Household deity (a kind of or related to a Tutelary deity)

“A household deity is a deity or spirit that protects the home, looking after the entire household or certain key members. It has been a common belief in paganism as well as in folklore across many parts of the world. Household deities fit into two types; firstly, a specific deity – typically a goddess – often referred to as a hearth goddess or domestic goddess who is associated with the home and hearth, such as the ancient Greek Hestia.” ref

“The second type of household deities are those that are not one singular deity, but a type, or species of animistic deity, who usually have lesser powers than major deities. This type was common in the religions of antiquity, such as the Lares of ancient Roman religion, the Gashin of Korean shamanism, and Cofgodas of Anglo-Saxon paganism. These survived Christianisation as fairy-like creatures existing in folklore, such as the Anglo-Scottish Brownie and Slavic Domovoy.” ref

“Household deities were usually worshipped not in temples but in the home, where they would be represented by small idols (such as the teraphim of the Bible, often translated as “household gods” in Genesis 31:19 for example), amulets, paintings, or reliefs. They could also be found on domestic objects, such as cosmetic articles in the case of Tawaret. The more prosperous houses might have a small shrine to the household god(s); the lararium served this purpose in the case of the Romans. The gods would be treated as members of the family and invited to join in meals, or be given offerings of food and drink.” ref

“In many religions, both ancient and modern, a god would preside over the home. Certain species, or types, of household deities, existed. An example of this was the Roman Lares. Many European cultures retained house spirits into the modern period. Some examples of these include:

“Although the cosmic status of household deities was not as lofty as that of the Twelve Olympians or the Aesir, they were also jealous of their dignity and also had to be appeased with shrines and offerings, however humble. Because of their immediacy they had arguably more influence on the day-to-day affairs of men than the remote gods did. Vestiges of their worship persisted long after Christianity and other major religions extirpated nearly every trace of the major pagan pantheons. Elements of the practice can be seen even today, with Christian accretions, where statues to various saints (such as St. Francis) protect gardens and grottos. Even the gargoyles found on older churches, could be viewed as guardians partitioning a sacred space.” ref

“For centuries, Christianity fought a mop-up war against these lingering minor pagan deities, but they proved tenacious. For example, Martin Luther‘s Tischreden have numerous – quite serious – references to dealing with kobolds. Eventually, rationalism and the Industrial Revolution threatened to erase most of these minor deities, until the advent of romantic nationalism rehabilitated them and embellished them into objects of literary curiosity in the 19th century.

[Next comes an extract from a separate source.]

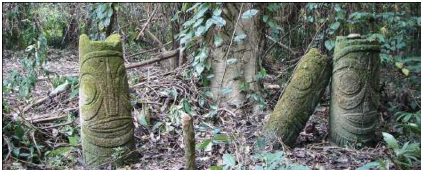
A spiritual stele dule in the forest (Toga, Torres)

The ghosts of our ancestors are never far away: they live on all around us, and guide the lives of mortals. Only the initiated have access to their universe, their secrets, their language. Some men endowed with supernatural power – shamanic healers, soothsayers, sorcerers – can even interact with

Since the 20th century this literature has been mined for characters for role-playing games, video games, and other fantasy personae, not infrequently invested with invented traits and hierarchies somewhat different from their mythological and folkloric roots.” ref

“In contradistinction to both Herbert Spencer and Edward Burnett Tylor, who defended theories of animistic origins of ancestor worship, Émile Durkheim saw its origin in totemism. In reality, this distinction is somewhat academic, since totemism may be regarded as a particularized manifestation of animism, and something of a synthesis of the two positions was attempted by Sigmund Freud. In Freud’s Totem and Taboo, both totem and taboo are outward expressions or manifestations of the same psychological tendency, a concept which is complementary to, or which rather reconciles, the apparent conflict. Freud preferred to emphasize the psychoanalytic implications of the reification of metaphysical forces, but with particular emphasis on its familial nature. This emphasis underscores, rather than weakens, the ancestral component.” ref

William Edward Hearn, a noted classicist, and jurist, traced the origin of domestic deities from the earliest stages as an expression of animism, a belief system thought to have existed also in the neolithic, and the forerunner of Indo-European religion. In his analysis of the Indo-European household, in Chapter II “The House Spirit”, Section 1, he states:

The belief which guided the conduct of our forefathers was … the spirit rule of dead ancestors.” ref

“In Section 2 he proceeds to elaborate:

It is thus certain that the worship of deceased ancestors is a vera causa, and not a mere hypothesis. …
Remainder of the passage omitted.